Some years abroad and then come back.

------
newguy1234
I have a friend who works as a tax auditor and audits telecom companies to
verify a specific tax. When he does the audit he gets the ENTIRE billing
information. What is interesting to note is that there are certain taxes where
the law allows the telecom to determine how much cost is required to comply
with the tax (employees expenses) and then offload that cost on to the end-
user. So the tax that the customer pays is actually the tax going to the
government and some of that tax is also going to pay the employees hired by
the company to comply with the tax. Without much surprise, the amount of
employees required to comply with the tax seems to increase each year and most
of these employees are never fired or let go. There is no incentive for the
company to cut costs when the taxpayer is paying for the employee's salary.

------
sys_64738
The craziest fee I saw was with Verizon where they charged you ground rent for
the poles they had at the side of the road.

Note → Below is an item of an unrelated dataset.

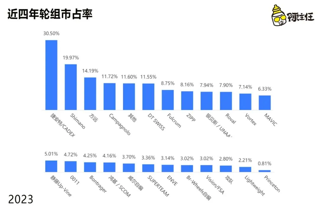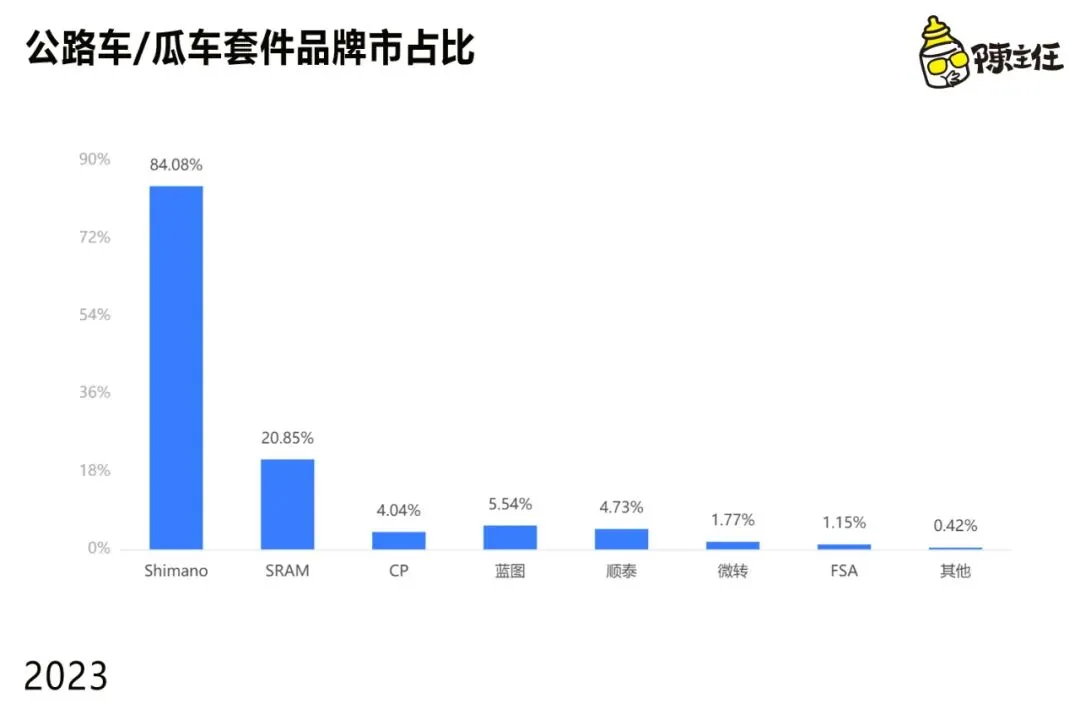 公路套件品牌的市占比,御三家中的CP可以说虚有其名,禧玛诺的地位难以撼动。国产继续加油吧。

FWIW, keeping just Comcast internet leads to no fees. Not sure how that's
managed to stay that way.

------
petilon
Another egregious example: Frontier Communications adds a $3.99 "Internet
Infrastructure Surcharge" for internet service, on top of the advertised
price. But internet infrastructure is what the advertised price is for, so why
isn't it already included in the price?

The underlying problem is that the US does not have a true democracy. The
government here works for big businesses, not "of the people, by the people,
and for the people". EU is much closer to being a true democracy.

------
paul7986
I would say it's a small minority of readers here who actually still have/pay
for cable. That industry hated and took/takes advantage of its customers
that's it's finally getting what it deserves!

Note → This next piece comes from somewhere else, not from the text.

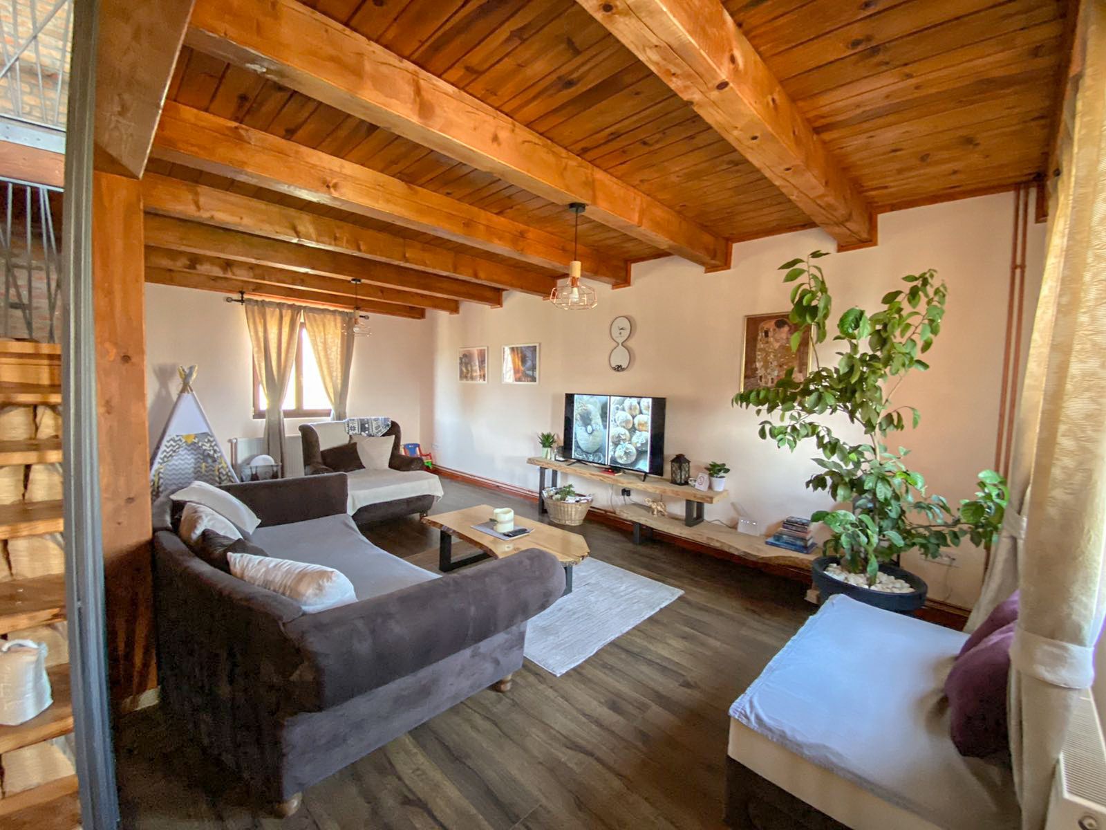 Rustic dream MIA je luksuzna kuća koja se nalazi u mirnom naselju Rudine, oko 3 kilometra od turističkog centra, okružena zalenilom i očaravajućim pogledom na vrhove Čigote. Lokacija je idealna jer pruža privatnost i mogućnost da se zaista odmorite i opustite. Kapacitet kuće je do 10 odraslih osoba, pogodna za porodice, okupljanje prijatelja, team building, manje proslave… Dvorište je opremljeno baštenskom garniturom za 10 osoba, roštilj, kotlić, trambolina, peščanik za decu…

Myself since I'm in a ATT family plan I pay $60 for unlimited data and it
comes with ATT TV formerly called Direct TV now. I do use it but wouldn't pay
for it or use it if it wasn't bundle in cheaply as it is now.

------
golover721
To be fair Comcast these days shows you a breakdown of the full cost of the
service you are signing up for, which you have to accept. So the fees should
not be a surprise. Would I prefer it was all included in the advertised price,
absolutely.

------
mjfern
Does anyone know why cable companies are able to tack on all these fees to TV
service but not to broadband service?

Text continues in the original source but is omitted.